A question about electric field

[Cookiey]

Homework Statement
Two point charges a and b whose magnitudes are same positioned at a certain distance along the positive x-axis from each other. a is at the origin. The graph is drawn between electrical field strength and distance x from a. E is taken positive if it is along the line joining from a to b.

From the graph it can be decided that

1) a is +ve b is -ve
2) a and b are both +ve
3) a and b are both -ve
4) a is -ve and b is +ve
The attempt at a solution

As the electric field is defined with respect to a positive unit charge, a should be positive. This is because the field strength near a is tending to positive infinity, and according to the question, this is from a to b. So, this can be interpreted as repulsion.

As we move towards the middle of the graph, the strength decreases, almost to zero, so the field from point charge b must be cancelling it out. So b is also positive.

But why does the graph go towards positive infinity again? Because if b is also positive, won't it push our test positive unit charge away? This direction would be from b to a, right? Shouldn't the graph go to negative in that case?

The answer is given as a and b both being positive.

Thanks for helping!

 

[andrevdh]

How would one quantify the electric field in a region of space?
That is what procedure should be followed to measure its direction and magnitude at a point in space?
Or what is the definition of E?

 

[Cookiey]

How would one quantify the electric field in a region of space?
That is what procedure should be followed to measure its direction and magnitude at a point in space?
Or what is the definition of E?

The electric field at a point is defined as the electrostatic force per unit positive charge, and its direction is the same as the direction of the electrostatic force on the unit positive charge, right?

Im sorry, I don't understand my mistake. Which bit should I reconsider?

 

[ehild]

Homework Statement
Two point charges a and b whose magnitudes are same positioned at a certain distance along the positive x-axis from each other. a is at the origin. The graph is drawn between electrical field strength and distance x from a. E is taken positive if it is along the line joining from a to b.
View attachment 91749

From the graph it can be decided that

1) a is +ve b is -ve
2) a and b are both +ve
3) a and b are both -ve
4) a is -ve and b is +ve
The attempt at a solution

As the electric field is defined with respect to a positive unit charge, a should be positive. This is because the field strength near a is tending to positive infinity, and according to the question, this is from a to b. So, this can be interpreted as repulsion.

As we move towards the middle of the graph, the strength decreases, almost to zero, so the field from point charge b must be cancelling it out. So b is also positive.
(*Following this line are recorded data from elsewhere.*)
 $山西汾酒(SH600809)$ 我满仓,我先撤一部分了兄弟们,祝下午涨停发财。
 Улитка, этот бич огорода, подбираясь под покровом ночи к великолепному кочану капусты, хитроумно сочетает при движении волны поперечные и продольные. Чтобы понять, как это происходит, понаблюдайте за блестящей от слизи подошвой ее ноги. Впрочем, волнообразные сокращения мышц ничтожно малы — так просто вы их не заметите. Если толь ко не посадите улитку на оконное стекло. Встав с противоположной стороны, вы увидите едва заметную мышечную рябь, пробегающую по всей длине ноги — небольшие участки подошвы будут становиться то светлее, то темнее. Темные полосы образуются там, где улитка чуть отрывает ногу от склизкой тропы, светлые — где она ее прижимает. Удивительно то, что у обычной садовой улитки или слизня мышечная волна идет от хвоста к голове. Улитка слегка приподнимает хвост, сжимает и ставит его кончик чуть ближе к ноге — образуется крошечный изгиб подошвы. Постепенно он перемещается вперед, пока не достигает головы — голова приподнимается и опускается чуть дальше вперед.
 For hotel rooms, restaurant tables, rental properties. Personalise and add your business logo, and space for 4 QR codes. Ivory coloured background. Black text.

But why does the graph go towards positive infinity again? Because if b is also positive, won't it push our test positive unit charge away? This direction would be from b to a, right? Shouldn't the graph go to negative in that case?

The answer is given as a and b both being positive.

Thanks for helping!

You are right, a must be positive and b too, as the electric field of the charges look to cancel at the middle of the distance.

 

[Cookiey]

You are right, a must be positive and b too, as the electric field of the charges look to cancel at the middle of the distance.

Thanks for replying!
So the graph given in the question is not possible with any combination of positive and negative charges?

 

[andrevdh]

No, I am just starting out from the basics.
A small positive test charge, charge q₊ say, is used to measure the electric field at a point in space.
It is then defined as E = F_e/q₊ where F_e is the force it experiences as a result of the field.
The direction of E is then in the same direction as F_e .
The graph seems to suggest a positive and negative direction for E, that is + towards +x and - towards -x.
This means as q₊ approaches charge b it is experiencing an ever increasing force towards the +x direction.
Which would suggest that b is negative as you thought.

 

[ehild]

Thanks for replying!
So the graph given in the question is not possible with any combination of positive and negative charges?
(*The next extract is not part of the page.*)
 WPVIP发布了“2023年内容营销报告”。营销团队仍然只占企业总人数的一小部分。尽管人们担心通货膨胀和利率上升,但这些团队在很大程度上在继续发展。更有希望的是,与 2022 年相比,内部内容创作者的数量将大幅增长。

No. Maybe, they mixed the plot with that of the potential. If it was the electric field, it should be exactly zero at the center. The potential would have a minimum there.

 

[ehild]

The graph seems to suggest a positive and negative direction for E, that is + towards +x and - towards -x.
This means as q₊ approaches charge b it is experiencing an ever increasing force towards the +x direction.
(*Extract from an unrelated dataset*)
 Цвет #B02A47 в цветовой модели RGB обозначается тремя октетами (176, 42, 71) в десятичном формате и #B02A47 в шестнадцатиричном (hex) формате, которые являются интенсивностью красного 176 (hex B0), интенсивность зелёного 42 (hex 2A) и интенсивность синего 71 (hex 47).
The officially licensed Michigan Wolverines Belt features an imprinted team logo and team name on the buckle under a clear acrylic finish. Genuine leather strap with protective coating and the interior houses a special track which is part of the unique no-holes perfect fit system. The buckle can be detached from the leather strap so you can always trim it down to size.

It depends from what direction that q₊ charge approaches b. Moving from left towards b, it experiences force towards the -x direction.

 

[andrevdh]

Not stated where b is located though.
Should be where she drew it in pencil.
Okay, I get it - therefore the ve (volts) in the answers.

 

[Cookiey]

Not stated where b is located though.
Should be where she drew it in pencil.
Okay, I get it - therefore the ve (volts) in the answers.

Oh, the 've' is the 've' in posti've'. I'm sorry about that! My question sheet is a photocopy, there's a statement at the end of the original (which is cut off here) that says the graph is plotted between a and b only.

 

[andrevdh]

Then the graph probably just indicates that the E field is increasing and do not take the direction into account.

 

[ehild]

Then the graph probably just indicates that the E field is increasing and do not take the direction into account.

Then the graph probably just indicates that the E field is increasing and do not take the direction into account.

I think they plotted the potential function instead of the electric field. E should be zero somewhere on the line ab between the charges. It is not in the plot, there is a minimum instead. The potential goes to + infinity at the positive charges, and has a minimum between them.